【社説】サッカーW杯 森保ジャパンの健闘称えたい

PK戦でクロアチアに敗れ、茫然とする日本の選手=5日、アルワクラ(時事)

サッカーのワールドカップ(W杯)カタール大会で、日本は1次リーグで強豪のドイツ、スペイン両国を撃破するなど大きな活躍を見せた。惜しくも初のベスト8進出はできなかったものの、森保ジャパンの健闘を心から称(たた)えたい。

ドイツ、スペインに勝利

日本は1次リーグで、優勝経験のあるドイツ、スペインと同じE組に入った。このため、大会前は日本の敗退を予想する見方も多かった。ところが、ふたを開けてみればドイツに2-1の逆転勝ち。コスタリカには敗れたが、スペインにはやはり2-1の逆転勝ちで、E組首位となって初の2大会連続決勝トーナメント進出を決めるという快挙を成し遂げた。

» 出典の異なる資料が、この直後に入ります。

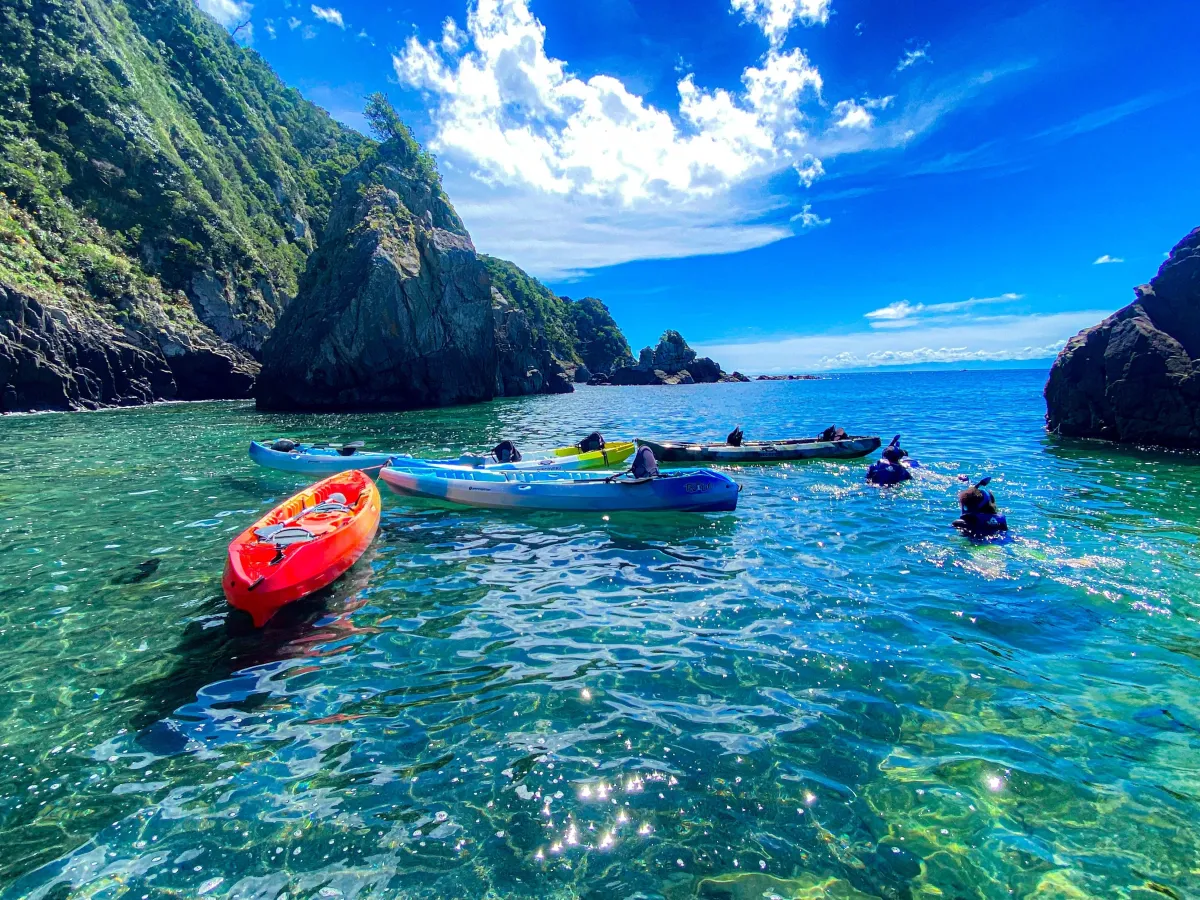 御座の海には、沖縄から流れ着く魚や黒潮の影響で生息する熱帯魚が豊富に存在します。ツアー中は、ガイドが先導しながらカヤックで海へ漕ぎ出し、透明度の高い海中世界を間近に観察することができます。参加者は、快適なライフジャケットとシュノーケルマスクを無料で貸し出され、安全にアクティビティを楽しむことができます。
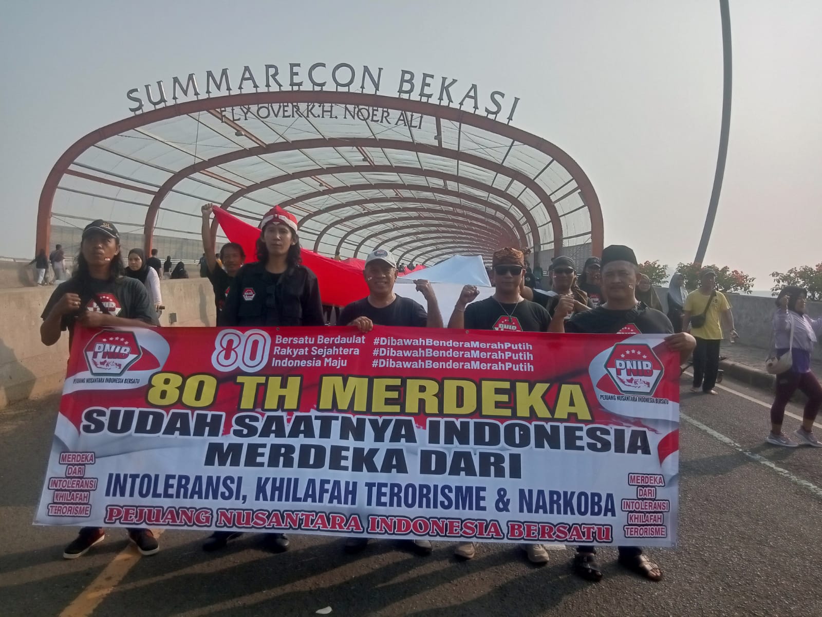 Spanduk bertuliskan “80 Tahun Merdeka, sudah saatnya Indonesia merdeka dari Intoleransi, khilafah, terorisme dan narkoba”. Menurut Gus Wal menjadi thema kirab kali ini di Bekasi mengusung spirit kemerdekaan.
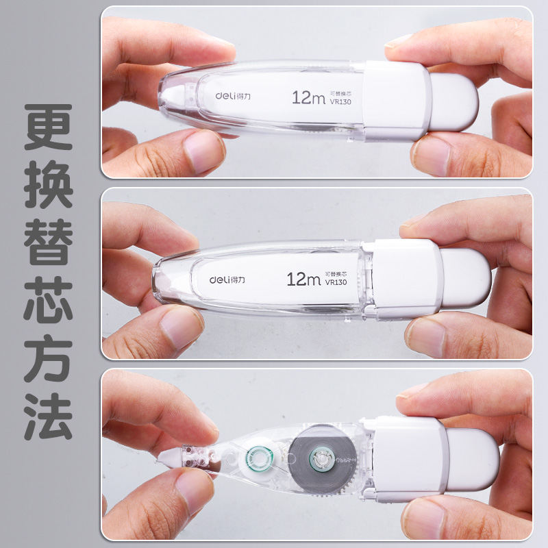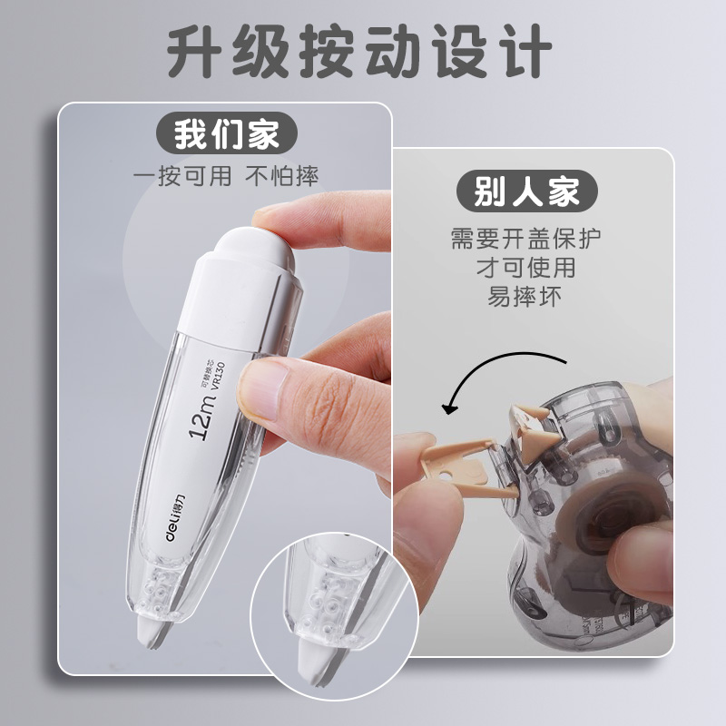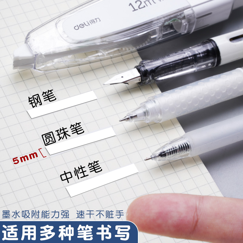 得力修正带学生用涂改带可换替芯学生用网红黑科技大容量改错带小学生专用静音按动改字休正纠正笔式修正贴
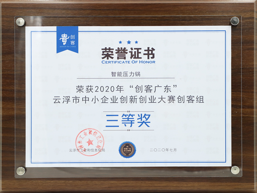 集團訊 近日,由云浮市工業和信息化局主辦,新興縣人民政府、新興縣創新中心承辦的2020年“創客廣東”云浮市中小企業創新創業大賽頒獎儀式暨創客巔峰會在云浮市新興縣隆重舉行。經過激烈的角逐,廣東萬事泰集團有限公司的“智能壓力鍋”項目榮獲創客組三等獎。
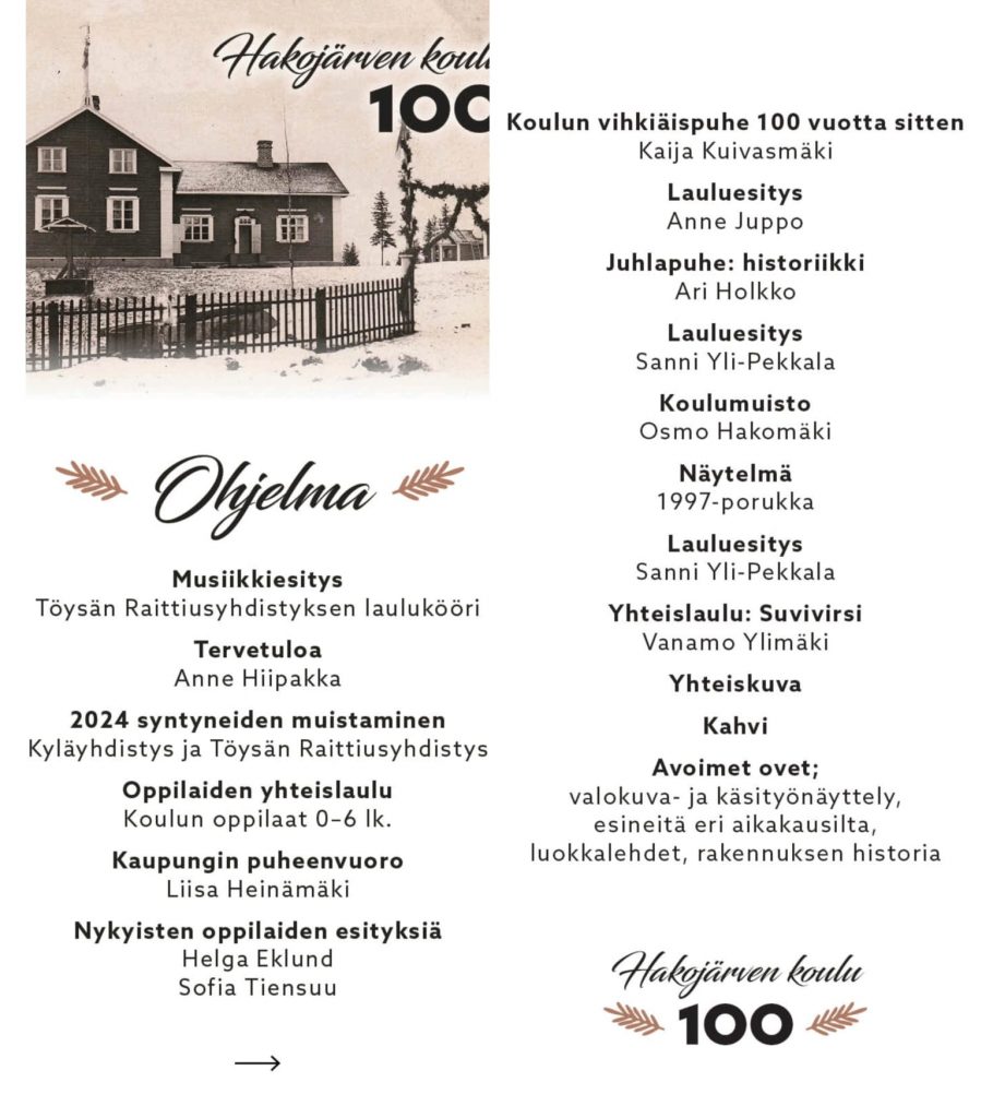 Koulurakennus on vihitty käyttöön 21.11.1925. Lukuvuosi 2024-2025 jää Hakojärven koulun viimeiseksi. KOULU100 -juhlaan oli tervetulleita kaikki Hakojärven koulun entiset ja nykyiset oppilaat ja opettajat sekä muut kylän ystävät. Juhlavieraita kokoontuikin paikalle n.300 ja päivä jäi varmasti ikimuistoisena juhlaväen mieleen. Juhlaohjelma oli parituntinen ja sen päälle nautittiin kakkukahvit ja tutustuttiin koulurakennuksen vaiheiden historiaan kuvien sekä erilaisin näytteille tuoduin koululaisten käsitöiden ja muiden koulutarvikkeiden kautta.

先制されてもあきらめず、チーム一丸となって粘り強く戦ったことが光る。カタールは日本が1993年に初のW杯出場を目前で逃した「ドーハの悲劇」の舞台だが、ドイツとスペインから金星を挙げたことで喜びの舞台に変えたのだ。

トーナメント1回戦では前回準優勝のクロアチアと対戦。1-1のまま延長戦、PK戦を戦って死力を尽くしたが、勝利することはできなかった。しかし森保ジャパンの戦いぶりが、国民にどれほど希望と勇気を与えたか分からない。

特にドイツとスペインに勝利した時は列島が歓喜の渦に包まれ、この期間は国民の間に強い一体感が感じられた。スペイン戦は日本時間で早朝、クロアチア戦は深夜となったが、多くの人が森保ジャパンの戦いをテレビで見守った。

日本の快進撃は世界を驚かせた。だが、これは奇跡や偶然ではない。日本サッカーが着実にレベルアップしていることは確かである。

ドイツ、スペイン両戦でゴールを決めた堂安律選手のように本場欧州のクラブで活躍する日本人選手も珍しくない。日本が初出場し、1次リーグで全敗した98年フランス大会で「海外組」はゼロだったが、今回は26人中19人を数える。このうち8人がドイツでプレーしている。

森保一監督はクロアチア戦の敗戦後、選手たちに「優勝経験国に勝てる新しい景色は見せてくれた。日本が世界で戦い、世界で勝っていける新時代を見せてくれた。この悔しさを次の成長につなげてほしい」と熱く語り掛けた。今大会の活躍ぶりを見れば、日本が今後、ベスト8以上の成績を残すことは決して夢ではない。

次回の2026年大会は、米国、カナダ、メキシコの共同開催で、出場枠も現在の32カ国から48カ国に増加する。1次リーグは3チームずつ16のグループに分かれ、上位2チーム、計32カ国が決勝トーナメントに進出する。今回の日本代表の中には4年後の活躍を期待できる選手も多い。

次回はベスト8以上を

日本サッカー協会は50年のW杯優勝を目標に掲げている。確かに世界の壁は厚いが、もっと早くこの壁を突破して優勝してもいいのではないか。

まずは飽くなき向上心を持って地道な練習と試合での経験を積み重ね、次回こそはベスト8以上を達成してもらいたい。